By Ben Holland, Laura Cochrane and Balazs Penz

Oct. 31 (Bloomberg)- Imre Apostagi says the hospital upgrade he’s overseeing has stalled because his employer in Budapest can’t get a foreign-currency loan.

The company borrows in foreign currencies to avoid domestic interest rates as much as double those linked to dollars, euros and Swiss francs. Now banks are curtailing the loans as investors pull money out of eastern Europe’s developing markets and local currencies plunge.

Foreign-denominated loans helped fuel eastern European economies including Poland, Romania and Ukraine, funding home purchases and entrepreneurship after the region emerged from communism. The elimination of such lending is magnifying the global credit crunch and threatening to stall the expansion of some of Europe’s fastest-growing economies.

Plunging Currencies

Since the end of August, the forint has fallen 16 percent against the Swiss franc, the currency of choice for Hungarian homebuyers, and more than 8 percent versus the euro.
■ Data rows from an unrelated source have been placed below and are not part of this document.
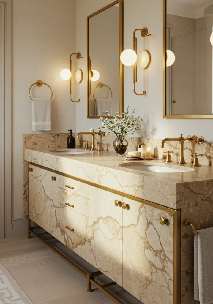 Fancy bathroom with a double vanity in natural stone and brass accents
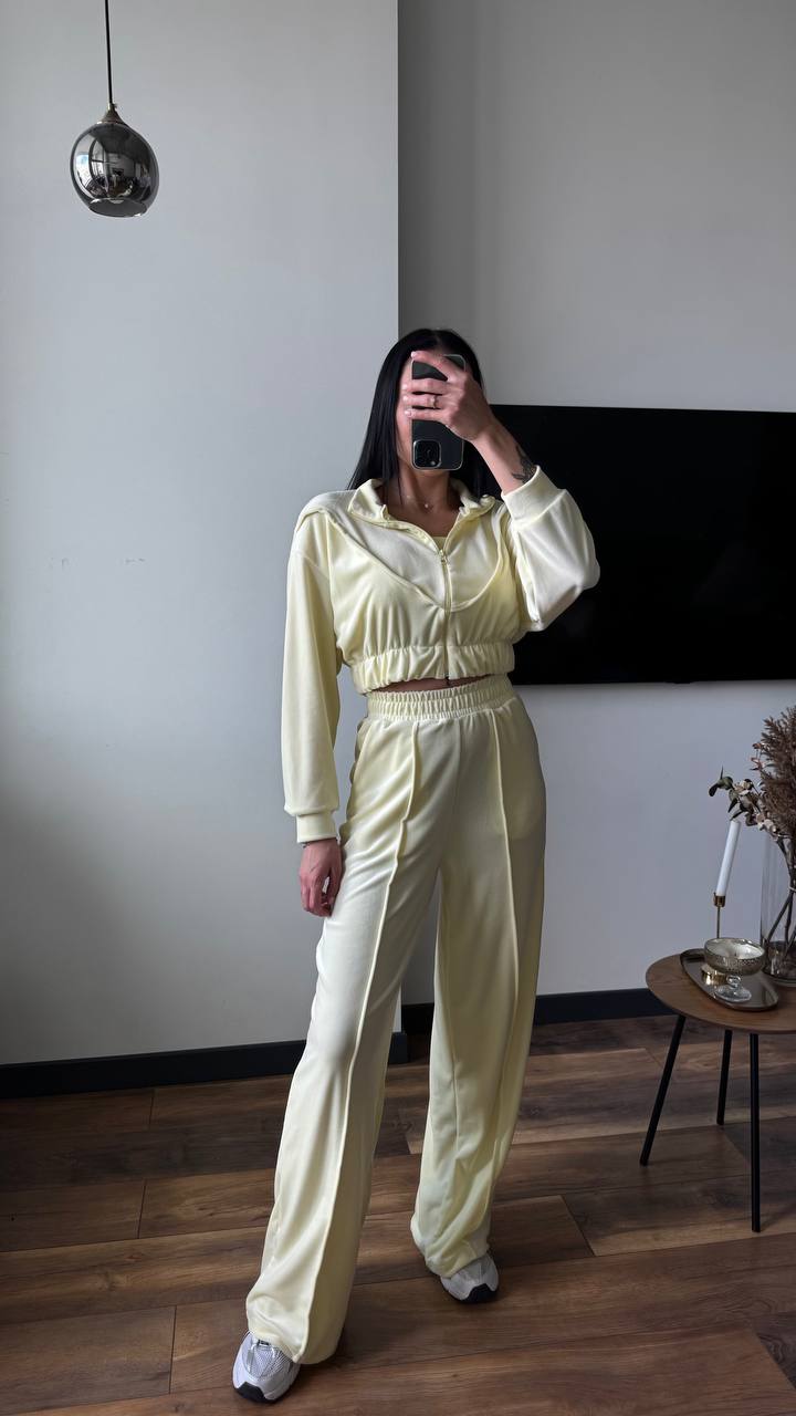 Очень крутой и комфортный костюм тройка состоящий из тощи, брюк и топа. Костюм создан из плотной ткани, которая обеспечивает комфорт и удобство.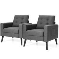 Kotek Accent Chairs Set Of 2, Button Tufted Living Room Chair W/Rubber Wood Legs, Side Pockets, Mid Century Modern Single Sofa Club Chair, Linen Fabric Upholstered Armchair (Grey)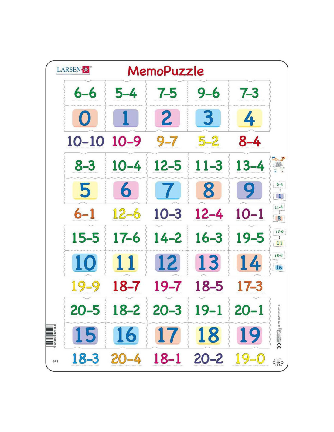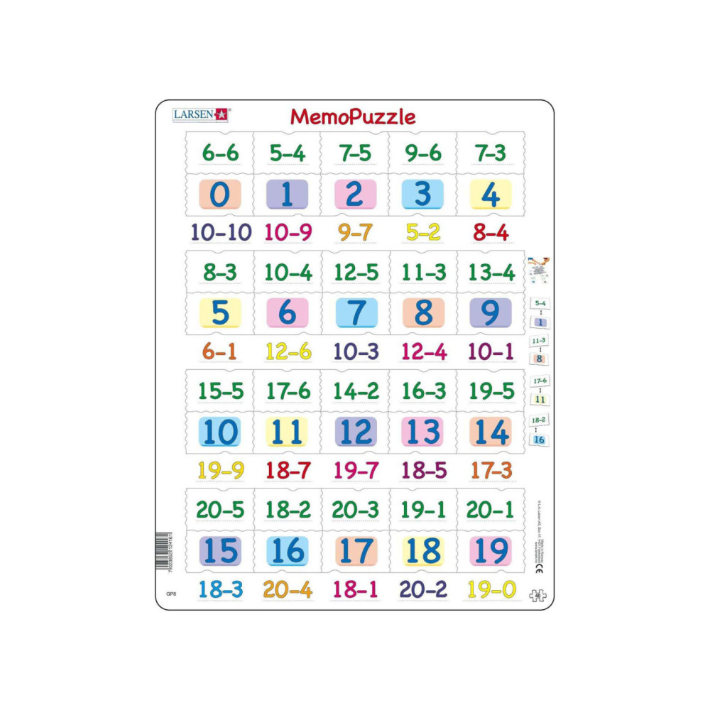 De puzzels van Larsen hebben een frame waarin de puzzelstukjes keer op keer makkelijk gelegd kunnen worden. De puzzelstukjes hebben elk een eigen unieke vorm die maar op één plek in het frame past. Doordat de totale dikte van het gerecyclede karton van de Larsen puzzels 4,4 mm dik is, gaat deze jaren mee. In het thema Larsen Educatieve Puzzels' zijn diverse educatieve frame puzzels beschikbaar. Biologie, wiskunde, aardrijkskunde, leren schrijven, leren klokkijken, etc. Waarom Larsen?- De jongste kinderen ontwikkelen hun motoriek met de unieke puzzelstukjes.- Ook oudere kinderen spelen en leren veel over interessante thema's. - Originele thema's moedigen de kinderen aan en helpen hen zich te concentreren. - Extra dikke en stevige puzzelstukjes. - Gemaakt in Europa van gerecycled karton.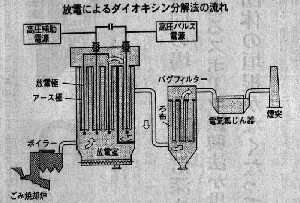 現在進められている研究のーつが排ガス中で放電することによってダイオキシンを分解する方法です。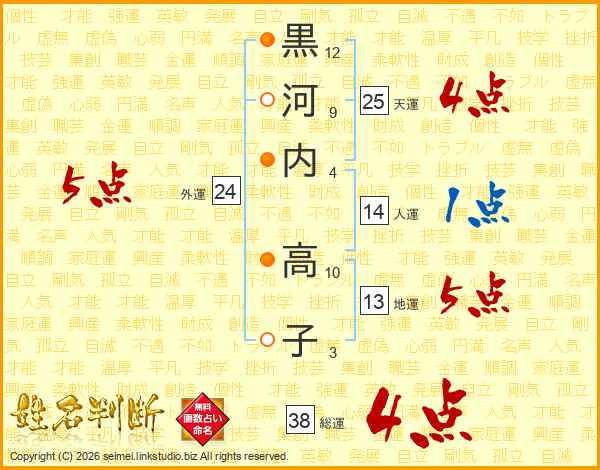 黒河内高子さんの総運は38画の4点!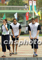 来自澳大利亚的游泳运动员十九日登上滑行车,在大运村里悠闲地享受雨后清新的空气。中新社记者 郑萍萍 摄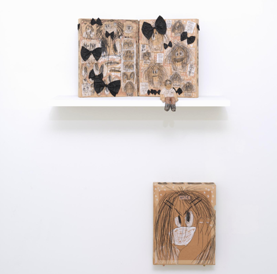 Shin Min, 2025, pencil, glue, paper, tape on canvas and plaster, 41 × 32 cm (each) diptych, 16(h) × 11 × 9 cm (sculpture), 43.5(h) × 33.5 × 10 cm (box)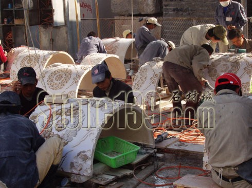 整體圖案粘拼后,畢竟不可能真正實現無縫連接,或多或少會存在縫隙,而且也有可能有加工是上的小瑕疵,所以需要對石材拼花進行修補和添縫。通常做法是用環氧樹脂、石粉和色料均勻拌合并調成所要修補添縫的石材的顏色,等調到顏色和石材相似時,加入小量催干劑混和,并迅速修補填充到縫隙處,一定和填充到位讓粘合劑滲入到位,等粘合劑干了就可以刮掉表面色料。最后在整個石材拼花的背面鋪上纖維紗網,撒上石粉淋樹脂,均勻抹平,使紗網與石板粘合,以加固拼花板面。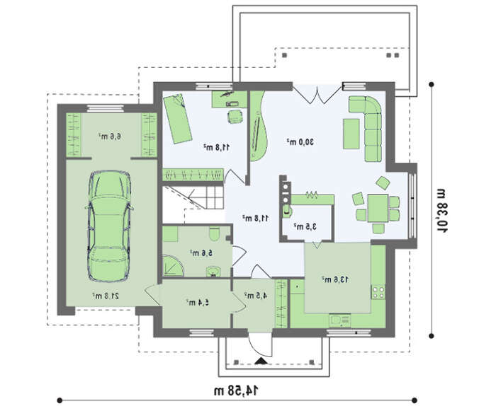 Проектировщики предусмотрели массу «мелочей», которые наполнят комфортом жизнь членов семьи. Это и терраса на заднем дворе, и удобный внутренний переход из гаража в дом, и хозяйственные помещения, в которых удобно хранить всевозможный инвентарь.

Foreign- currency loans make up 62 percent of all household debt in the country, up from 33 percent three years ago.

That’s even after a boost this week from an International Monetary Fund emergency loan program for emerging markets and the U.S. Federal Reserve’s decision to pump as much as $120 billion into Brazil, Mexico, South Korea and Singapore. The Fed said yesterday that it aims to “mitigate the spread of difficulties in obtaining U.S. dollar funding.”

Plunging domestic currencies mean higher monthly payments for businesses and households repaying foreign-denominated loans, forcing them to scale back spending.

No More Dreaming

The bulk of eastern Europe’s credit boom was denominated in foreign currencies because they provided for cheaper financing.

Before the current financial turmoil, Romanian banks typically charged 7 percent interest on a euro loan, compared with about 9.5 percent for those in leu. Romanians had about $36 billion of foreign-currency loans at the end of September, almost triple the figure two years earlier.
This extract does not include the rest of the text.